Die Website verzichtet auf überflüssigen Schnörkel; schließlich geht es ja auch im Wesentlichen um Texte. Man findet glücklicherweise keine riesigen, animierten Grafiken, keine Werbebanner und auch sonst nichts von den beliebten Web-Spielzeugen, die durch ihre langen Ladezeiten die Geduld des Betrachters und Lesers auf eine harte Probe stellen. Der dunkle Hintergrund und die rote Schrift sind zwar etwas gewöhnungsbedürftig, aber gut zu lesen.
Die Navigationsleiste der Site ist chronologisch aufgebaut, von der Gründung bis zu aktuellen Veranstaltungen. Man findet kein "Wir über uns" oder "Unsere Texte" oder "Ursachen für die Entstehung von Lahnbeat" als eigenständige Punkte. Diese Informationen sind über die gesamte Site verstreut. Man muß (und sollte) sich schon die Mühe machen, die einzelnen Punkte in der zeitlichen Reihenfolge anzuklicken, so erhält man nach und nach ein ziemlich vollständiges Bild von LAHNBEAT, ihre Autoren, Texte, Entstehung und vor allem die Entwicklung. Längere Texte der Autoren stehen als Download zur Verfügung. Man erfährt so einiges über die Gießener Literaturszene, vor allem über das Frustpotential, das sie bietet. Zu diesem Thema besonders zu empfehlen ist der Punkt "1. Lahnbeat-Symposion" in der Rubrik "März 2000" auf der Homepage.
Originaltöne:

"Zurück zur Verblüffung. Darüber, daß man mit der gegenseitigen Versicherung bzgl. Chancenlosigkeit, Verkanntheit, Jammertal so zufrieden war."
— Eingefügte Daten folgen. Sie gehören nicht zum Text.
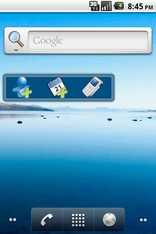 Homepage widget for quick access to add contacts, add events and make a call
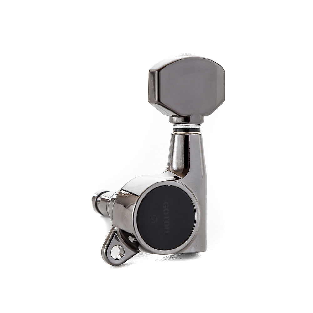 Tarraxa para Guitarra Blindada com Trava Magnum Lock (R6) Canhoto em acabamento na cor Cosmo Black, 6 unidades, acompanha parafusos, Gotoh SG381MG-07R CK/WS02.
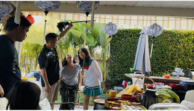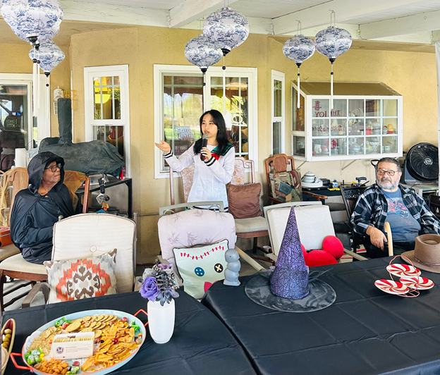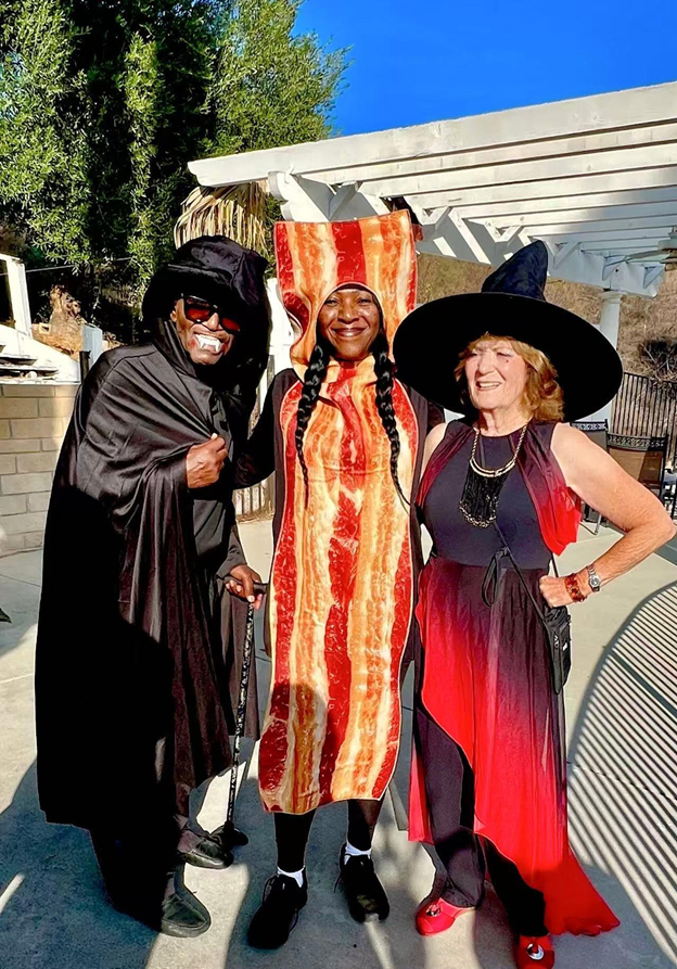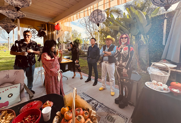 這場派對由她的兒子、兒媳與孫女通力合作完成——庭院裡南瓜燈閃爍,鬼魅與微笑並存;餐桌上佳餚美酒,香氣四溢。Elaine 的先生Stephen Thomas 是大律師,老神在在、坐鎮在這次萬聖節趴的主位。Elaine 的兒子 Henry 是中英文老師,主持活動遊刃有餘;兒媳是專業攝影師,捕捉了無數精彩瞬間;孫女則和朋友們一起參與遊戲與表演,讓整個下午生動活潑。
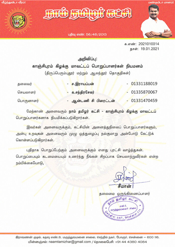 மேற்காண் அனைவரும் நாம் தமிழர் கட்சி – காஞ்சிபுரம் கிழக்கு மாவட்டப் பொறுப்பாளர்களாக நியமிக்கப்படுகிறார்கள்.
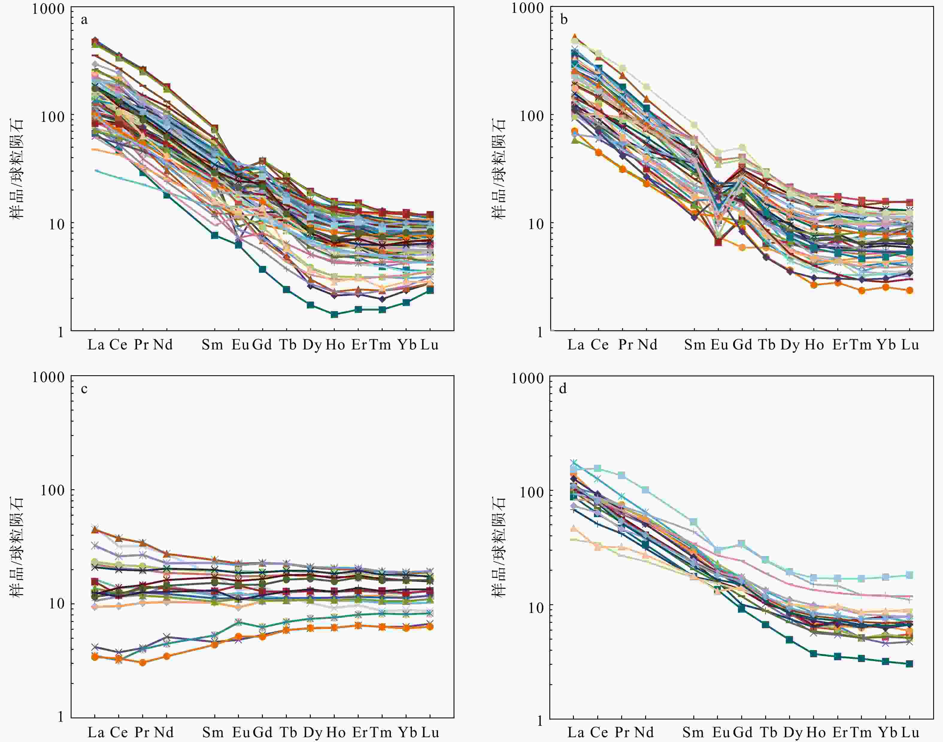 图 5 球粒陨石标准化稀土元素配分曲线(数据来源同图4)

"Das Gefühl einer verschenkten Gelegenheit; und aus ziemlich unerklärlichen Gründen
verschenkt."

"Gießen verfügt weder über eine genügende Zahl motivierter Literaten noch über ausreichendes
Publikumspotenzial, um die Szene auf Dauer zu etablieren."

"Die Szene dümpelt vor sich hin" (Zeitungsmeldung)

Harte Worte, aber wahr. Die Kunst besteht natürlich darin, solche Umstände nicht einfach hinzunehmen, sondern aktiv dafür zu sorgen, daß sie sich ändern.

Besonders lesenswert und informationsträchtig ist der Punkt "Debatte" unter "Aug. 2000"
Dort ist nachzulesen, als was sich Lahnbeat versteht und was sie bieten können. Das ist nicht gerade wenig. Autoren sind ja im allgemeinen keine Marketing-Spezialisten, da tut ein Forum Gleichgesinnter gut. Alles in Allem läßt sich auf den Webseiten von Lahnbeat erkennen, daß sich hier eine erfreuliche Erweiterung des Gießener Literaturszene entwickelt.
Hoppla, eine Erweiterung der Gießener Literaturszene, von der sie sich doch eigentlich abgrenzen wollen (siehe oben)? Klingt vielleicht doch gehässig, ist aber nicht so gemeint. Wirklich nicht!